↓

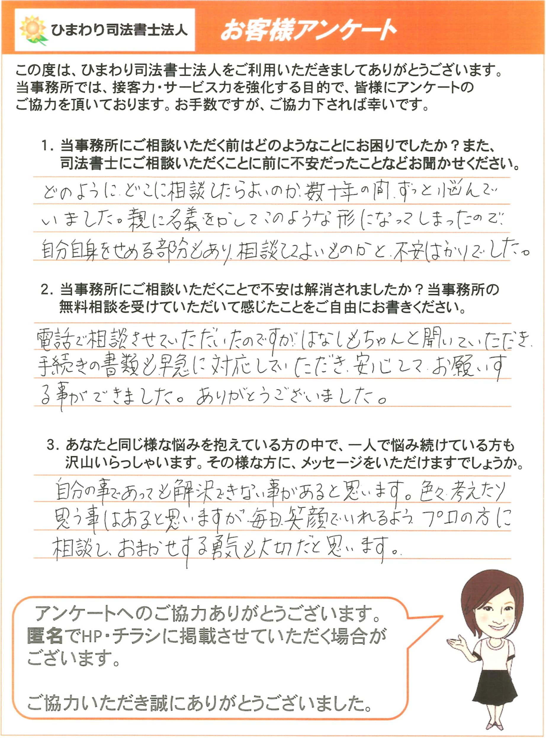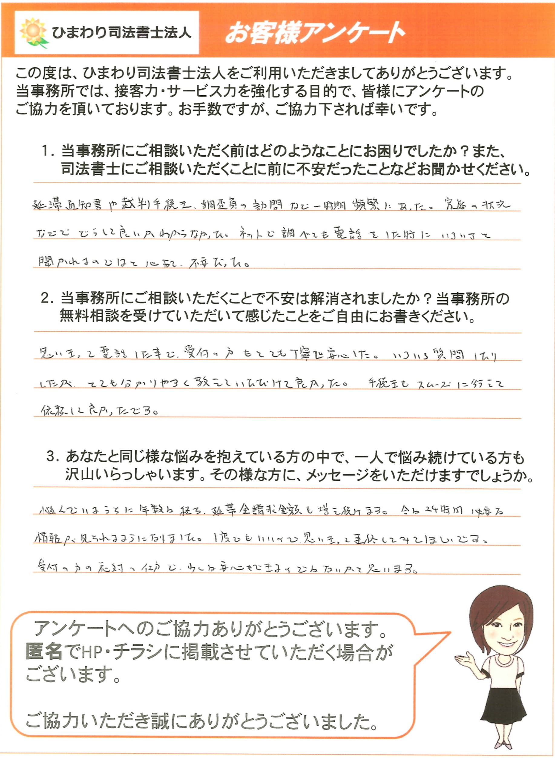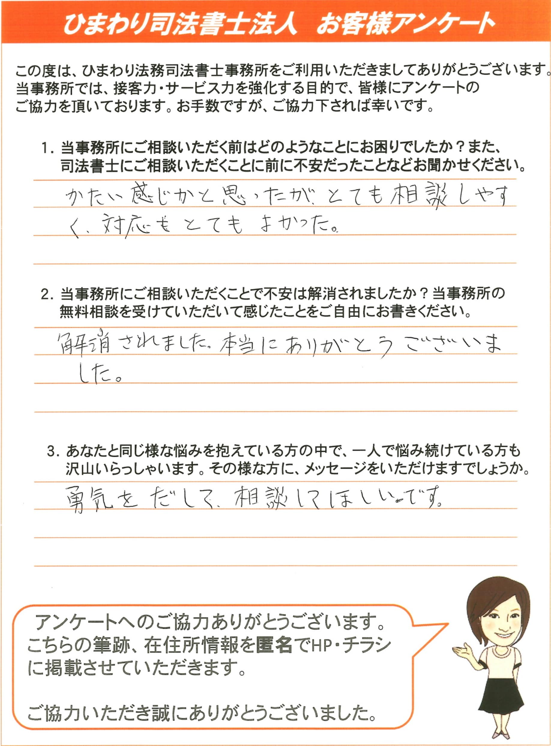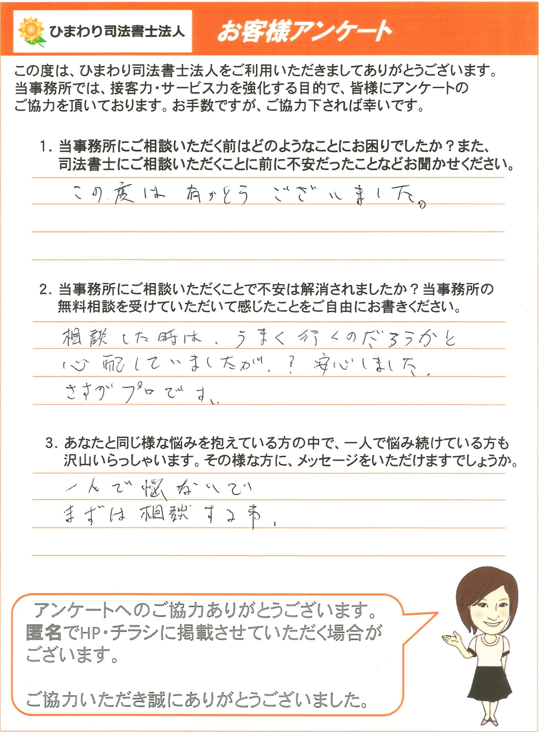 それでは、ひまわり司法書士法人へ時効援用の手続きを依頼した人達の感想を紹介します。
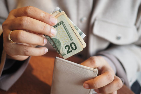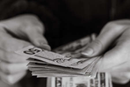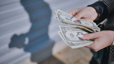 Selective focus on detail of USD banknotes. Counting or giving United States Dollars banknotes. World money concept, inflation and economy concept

↑
↓

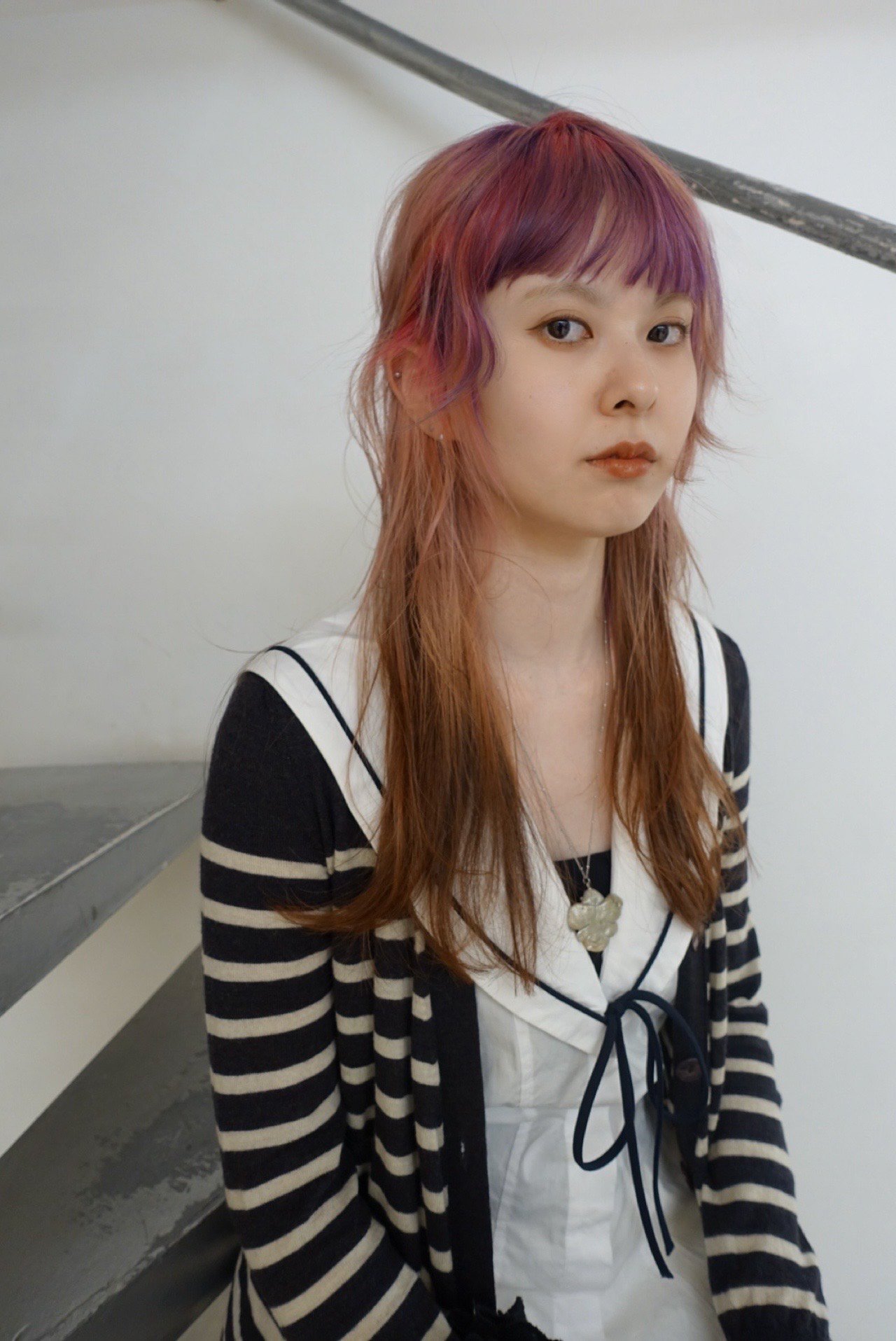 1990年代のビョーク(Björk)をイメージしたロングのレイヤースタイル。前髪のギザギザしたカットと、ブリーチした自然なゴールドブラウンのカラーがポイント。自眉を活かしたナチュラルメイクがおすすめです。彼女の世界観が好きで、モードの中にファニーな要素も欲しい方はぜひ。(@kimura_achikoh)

↑
↓

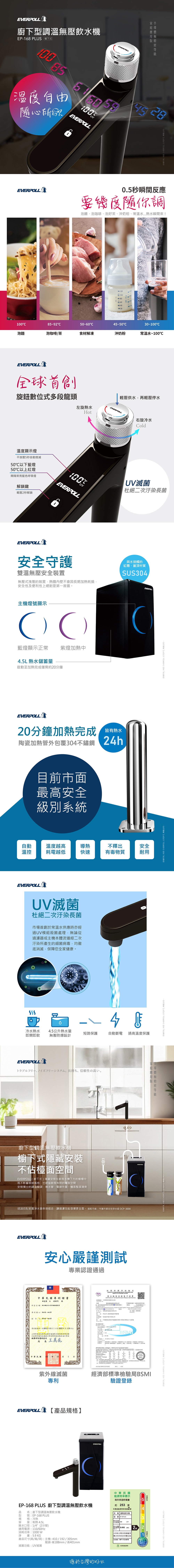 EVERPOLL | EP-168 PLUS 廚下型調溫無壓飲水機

↑

* Exercise brief
The answer should consist only of the lines above from the one with "それでは、ひまわり司法書士法" through the one with "Selective focus on", repeated exactly, with no pictures among them.

* Result of the exercise
 それでは、ひまわり司法書士法人へ時効援用の手続きを依頼した人達の感想を紹介します。
 Selective focus on detail of USD banknotes. Counting or giving United States Dollars banknotes. World money concept, inflation and economy concept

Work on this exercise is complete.